* What is needed
Retype the data below exactly, skipping pictures.
□ □ □ □
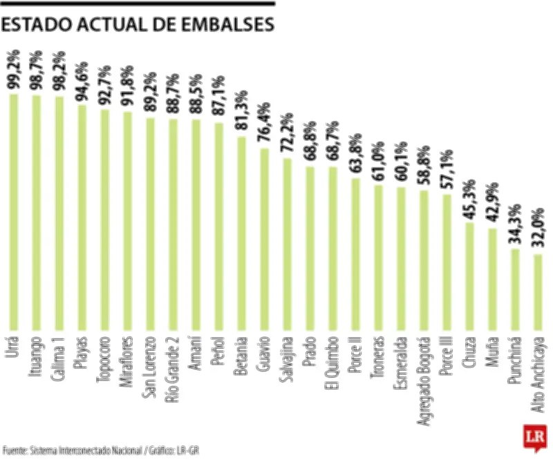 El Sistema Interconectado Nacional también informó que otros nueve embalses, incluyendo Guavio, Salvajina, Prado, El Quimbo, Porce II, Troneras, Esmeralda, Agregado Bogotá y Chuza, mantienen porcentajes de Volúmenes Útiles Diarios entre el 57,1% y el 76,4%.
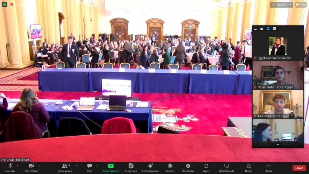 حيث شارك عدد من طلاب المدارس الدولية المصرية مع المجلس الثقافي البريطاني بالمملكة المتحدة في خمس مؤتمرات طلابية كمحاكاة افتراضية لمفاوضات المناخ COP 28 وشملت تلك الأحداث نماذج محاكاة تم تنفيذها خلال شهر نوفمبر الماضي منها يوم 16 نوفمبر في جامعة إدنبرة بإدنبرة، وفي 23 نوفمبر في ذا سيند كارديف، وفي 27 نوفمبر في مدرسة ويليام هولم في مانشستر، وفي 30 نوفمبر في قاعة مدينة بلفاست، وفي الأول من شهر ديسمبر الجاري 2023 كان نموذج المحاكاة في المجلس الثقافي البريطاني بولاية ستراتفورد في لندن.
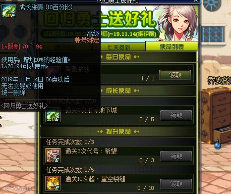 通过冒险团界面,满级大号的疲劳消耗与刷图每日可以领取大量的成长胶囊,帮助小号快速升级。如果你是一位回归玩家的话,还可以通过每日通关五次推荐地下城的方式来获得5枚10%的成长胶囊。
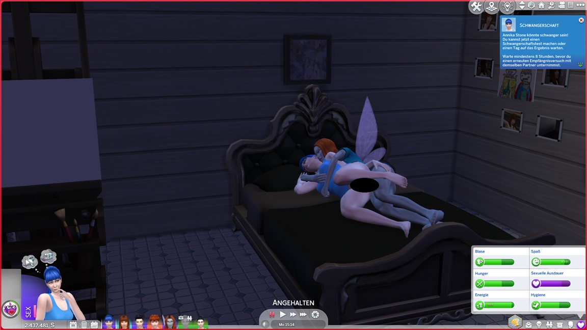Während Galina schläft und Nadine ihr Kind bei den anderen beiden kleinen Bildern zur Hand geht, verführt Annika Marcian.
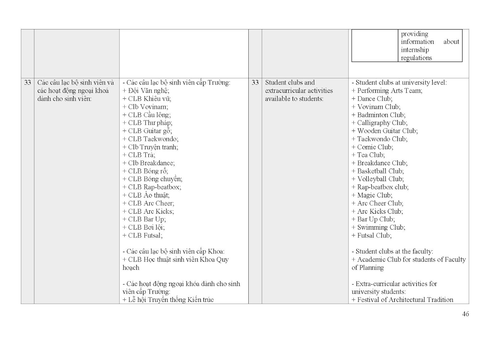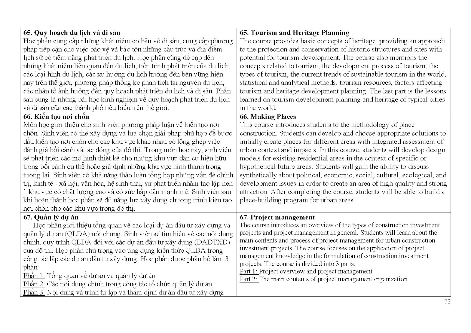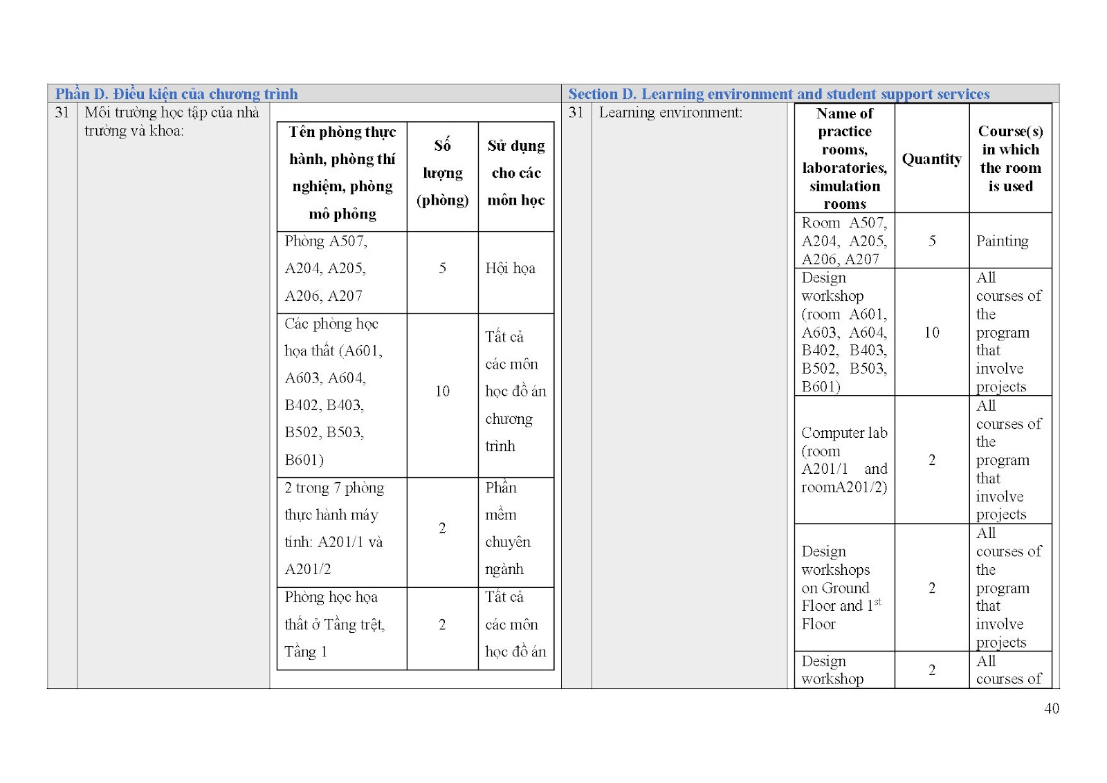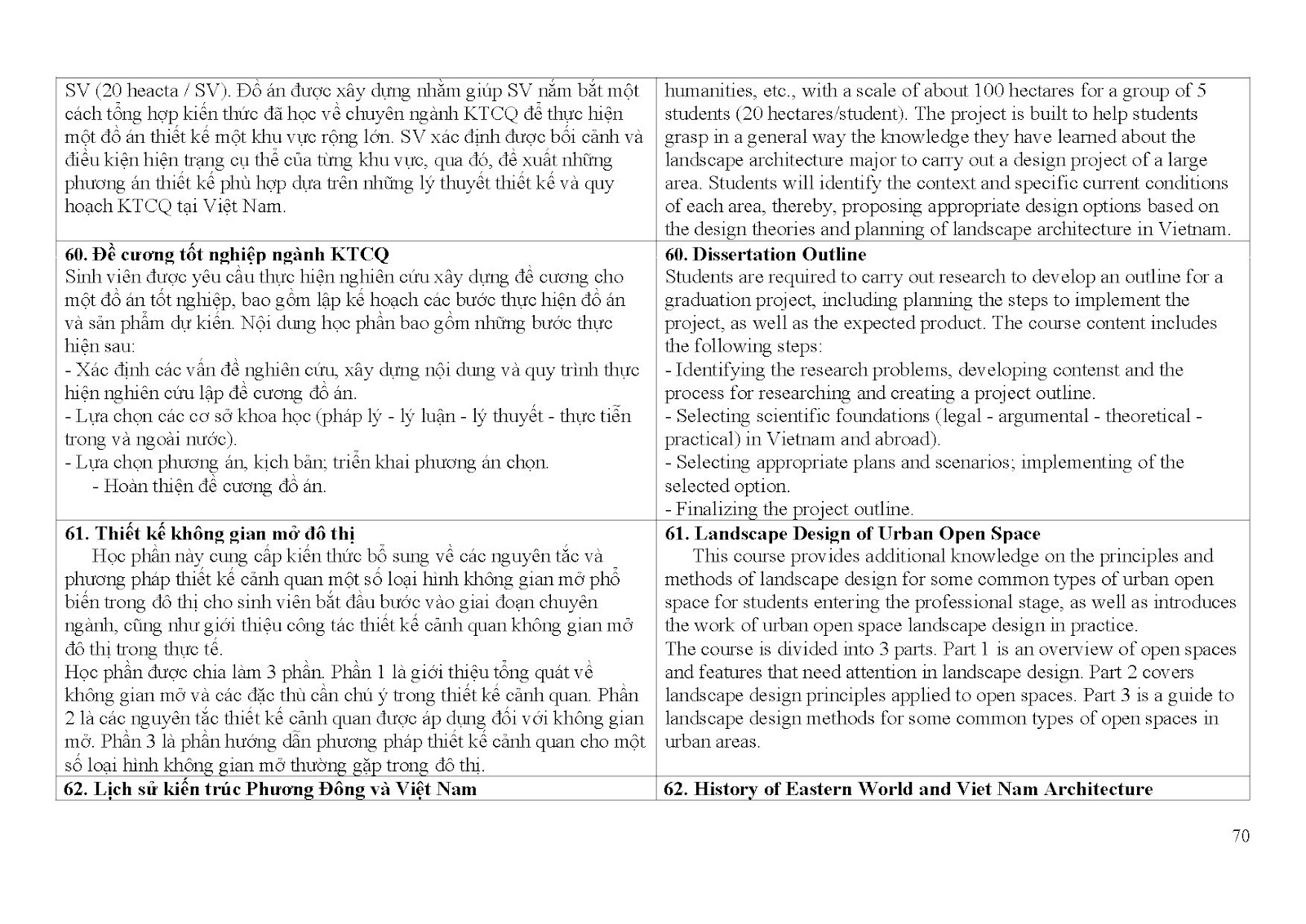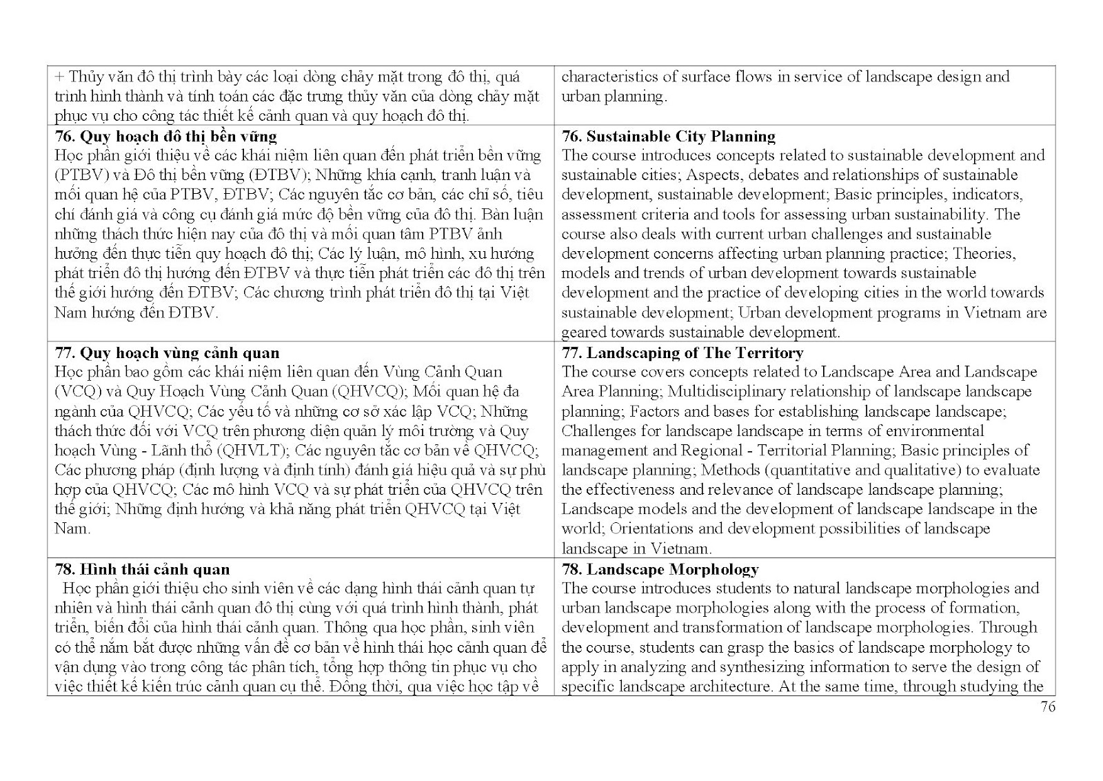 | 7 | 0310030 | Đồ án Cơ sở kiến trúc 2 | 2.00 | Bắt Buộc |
□ □ □ □
* Reply to the task
 El Sistema Interconectado Nacional también informó que otros nueve embalses, incluyendo Guavio, Salvajina, Prado, El Quimbo, Porce II, Troneras, Esmeralda, Agregado Bogotá y Chuza, mantienen porcentajes de Volúmenes Útiles Diarios entre el 57,1% y el 76,4%.
 حيث شارك عدد من طلاب المدارس الدولية المصرية مع المجلس الثقافي البريطاني بالمملكة المتحدة في خمس مؤتمرات طلابية كمحاكاة افتراضية لمفاوضات المناخ COP 28 وشملت تلك الأحداث نماذج محاكاة تم تنفيذها خلال شهر نوفمبر الماضي منها يوم 16 نوفمبر في جامعة إدنبرة بإدنبرة، وفي 23 نوفمبر في ذا سيند كارديف، وفي 27 نوفمبر في مدرسة ويليام هولم في مانشستر، وفي 30 نوفمبر في قاعة مدينة بلفاست، وفي الأول من شهر ديسمبر الجاري 2023 كان نموذج المحاكاة في المجلس الثقافي البريطاني بولاية ستراتفورد في لندن.
 通过冒险团界面,满级大号的疲劳消耗与刷图每日可以领取大量的成长胶囊,帮助小号快速升级。如果你是一位回归玩家的话,还可以通过每日通关五次推荐地下城的方式来获得5枚10%的成长胶囊。
Während Galina schläft und Nadine ihr Kind bei den anderen beiden kleinen Bildern zur Hand geht, verführt Annika Marcian.
 | 7 | 0310030 | Đồ án Cơ sở kiến trúc 2 | 2.00 | Bắt Buộc |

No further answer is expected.